Thursday 20 November 2014

A more hard-line approach to investigating tax payments and a higher focus on ordinary taxpayers means that HM Revenue and Customs (HMRC) has collected a record amount of tax over the last year.

The amount of tax that was collected through investigations into self-assessed individual taxpayers totalled at £845 million in 2013/14. This is an increase of 39 per cent from 2012/13 when the amount stood at £609 million. These figures were uncovered by the Daily Telegraph through a freedom of information request.

Since 2007 the amount of tax revenue gathered through personal tax investigations has risen year-on-year. However, it has nearly doubled ever since 2012.

Every year, HMRC chooses a number of cases that it believes need to be investigated. Taxpayers then need to provide evidence to support anything they have included in their self-assessment tax form.

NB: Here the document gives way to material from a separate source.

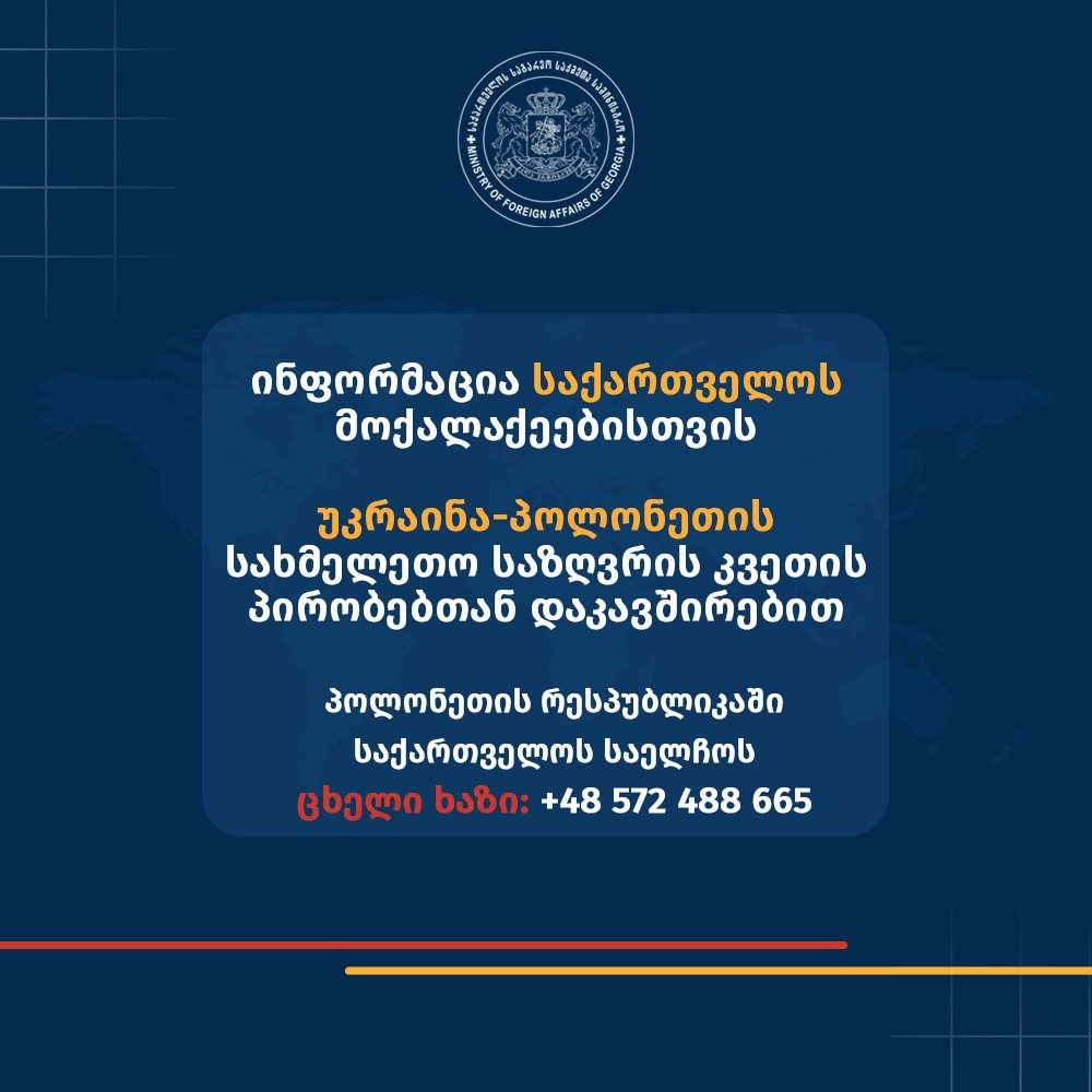 საქართველოს საელჩო პოლონეთის რესპუბლიკაში საგანგებო რეჟიმში მუშაობს

Among those that may be affected by this are limited company contractors, sole traders and umbrella company contractors.

For this reason, it is well worth hiring a specialist accountant to ensure that contractors are always tax compliant.

What's more, keeping tax affairs in order and dealing with HMRC investigations can be a costly, stressful and and time consuming process. Therefore, having a specialist able to deal with these issue can be very helpful.

At Brookson, specialists promise to calculate tax liabilities correctly first time. They are proactive and thorough in their approach so that taxes should be watertight.

However, in the event that HMRC does challenge the tax status of one of Brookson's clients, its tax promise states that it will support them every step of the way.

Senior compliance manager at Brookson Matt Fryer said: "Each document related to a client's employment status is kept from day one so that we can provide any paperwork and evidence quickly and we can deal with HMRC directly. Our clients can be confident that they are tax compliant as we calculate all their VAT, PAYE, National Insurance and company tax figures."

Many more investigations are being carried out. In May, the Telegraph found that there had been 237,215 enquiries launched about people's tax affairs last year. This is up from 2011-12 when 119,000 were launched. HMRC refused to reveal the number of investigations that had been made during 2013-14.

The amount of tax collected from investigations focused on electricians, doctors and plumbers alone reached £100 million.

As well as a rise in investigations, a lot more people are being arrested for tax evasion. During 2010/11, 165 people were jailed for tax evasion but last year this figure rose to 1,165.

To launch an investigation, the taxman must demonstrate evidence to justify wider inquires. To do this, HMRC collates as much information as it can from banks and local councils. This is then put into HMRC's computer system, called Connect, which was built three years ago at a cost of £45 million and is rumoured to have more data stored than there is in the British library.